Taking Kacsmar’s dataset (which, it is important to note, uses 21 quarterbacks who have experienced some career longevity rather than Stuart’s more comprehensive analysis of 100 QBs), and running a similar autocorrelative N to N+1 analysis, I found that the year-to-year correlation was 0.40. My friend, real-life data scientist Dr. Sean J. Taylor, was generous enough to both replicate my work and provide me with a scatterplot, complete with line of best fit and confidence interval shading:

Chart courtesy Sean J. Taylor

Chart courtesy Sean J. Taylor

The autocorrelation statistic, the scatterplot and time series visuals each show the same thing: we are measuring mostly noise, with a faintly detectable QB signal. The attributes I mentioned before—scheme, effectiveness of the running game, defensive efficiency which affects game script—are all likely to change the calculus of decision-making with regard to throwing shallow or deep.

In fact, Kacsmar himself gives us a good reason to doubt the validity of Air Yards in capturing an attribute of QB quality: it doesn’t improve as a player gains more experience. Quarterbacks, like all athletes, typically experience an age curve, reflecting both athletic maturation and decline, as well as the steep learning curve imposed by formidable NFL defenses. Chase Stuart has shown that the age curve for NFL quarterbacks is pronounced. The absence of an “age/experience curve” for Air Yards is yet another red flag.

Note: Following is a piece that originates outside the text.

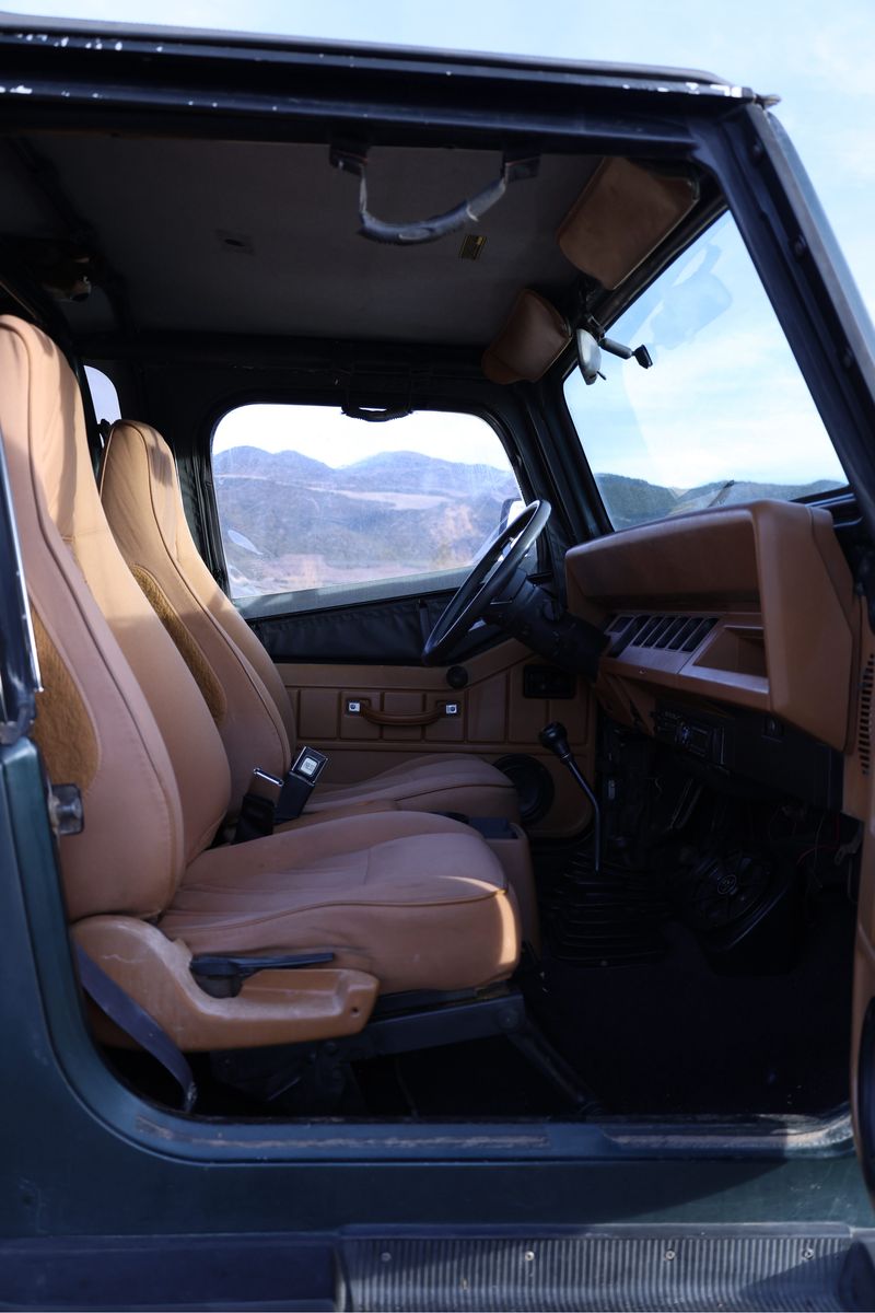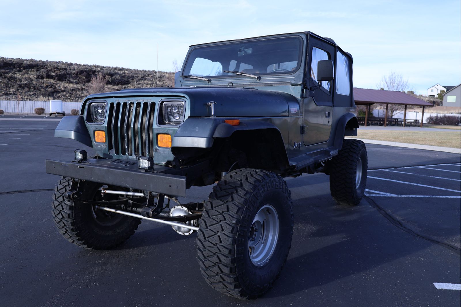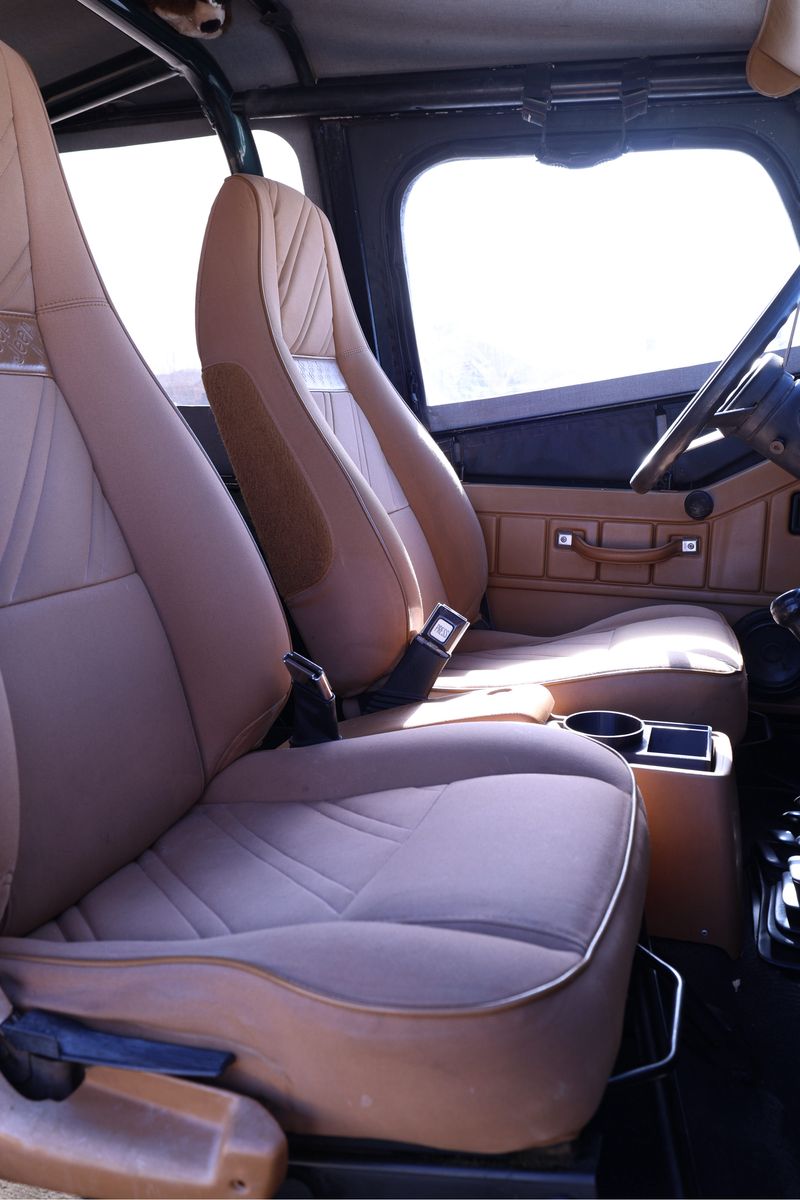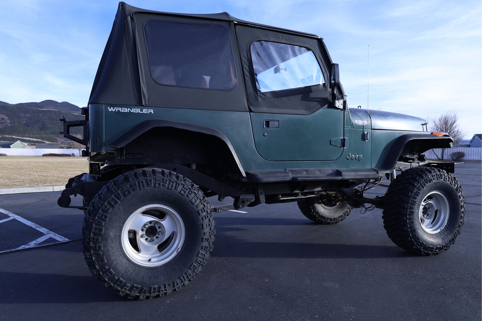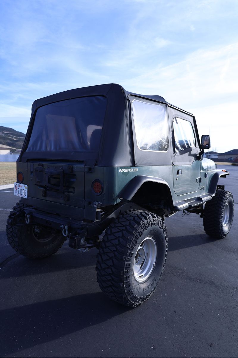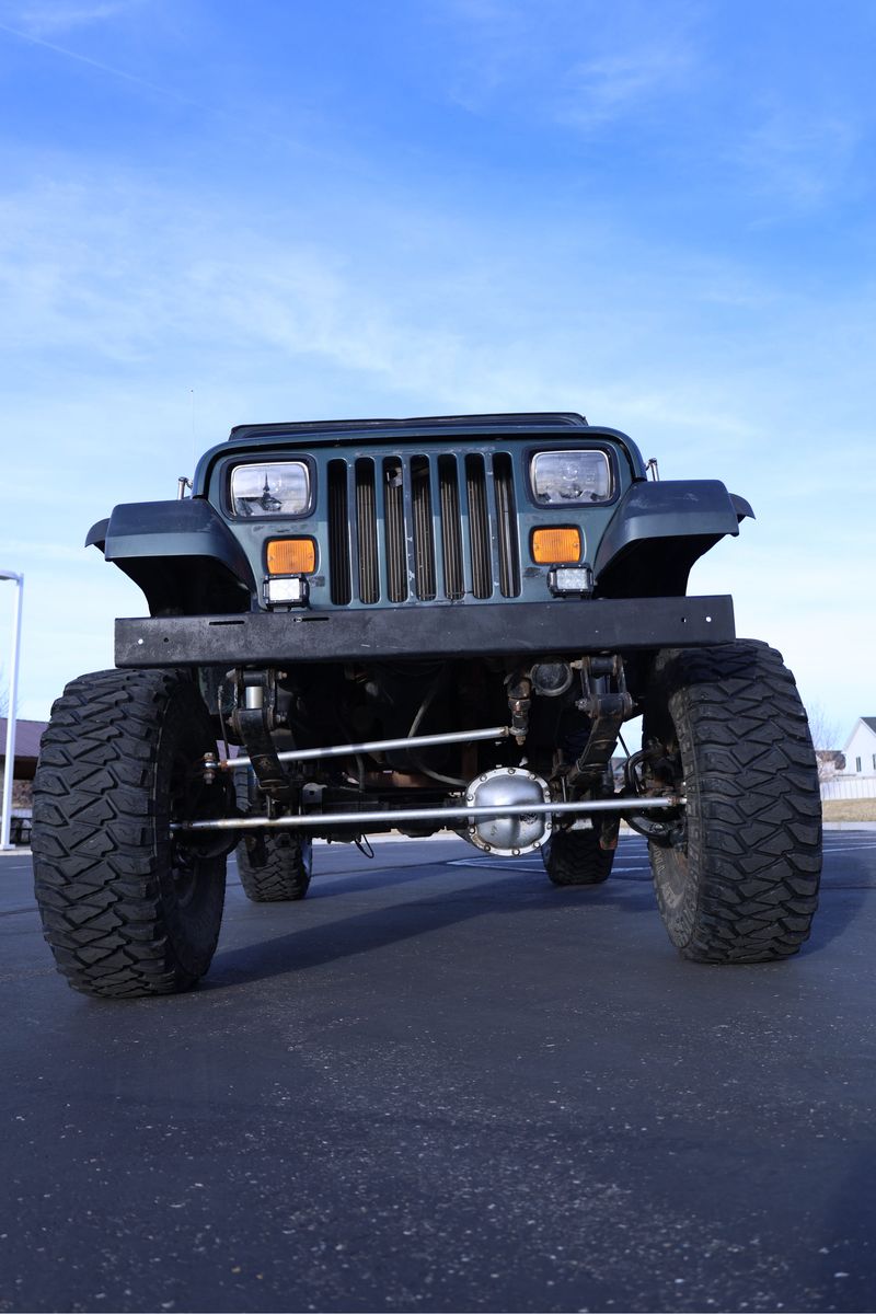 This 1994 Jeep Wrangler YJ is the perfect turn-key rig for someone who wants a capable rock crawler that can still be driven to work on Monday. Powered by the bulletproof 4.0L inline-6 and a smooth-shifting 5-speed manual, this Jeep has 120,000 original miles and runs perfectly. It has been professionally upgraded with a Motobilt stretch kit for improved stability and wheelbase, supported by a heavy-duty Ford 8.8 rear axle swap and a Dana 30 front. The steering has been upgraded to a heavy-duty setup to ensure it tracks straight on the road, and it sits on 35x12.5x15 tires with plenty of tread remaining. It is properly geared to handle the larger tires both on the street and off-road, making it a "go-anywhere" vehicle that doesn't compromise on-road driveability.

Air Yards doesn’t appear to measure a persistent quarterback attribute over time, particularly when compared with a conventional statistic such as completion percentage or advanced statistics such as Adjusted Net Yards / Attempt (ANY/A, for which Danny Tuccitto brilliantly used confirmatory factor analysis to verify its validity) or Defensive Yards Above Replacement (DYAR, rigorously developed and tested by Aaron Schatz).

But does it predict wins?

My general model of the production function of football is as follows: runs and passes are inputs; completions and first downs are intermediate goods; points are outputs. Success rate metrics such as Defensive-Adjusted Value Over Average (DVOA), DYAR, and ANY/A are all measures of intermediate goods which are of interest to the analyst because they tend to reliably convert to points. And as Chip reminds us, if you (f__king) score points you are more likely to win. 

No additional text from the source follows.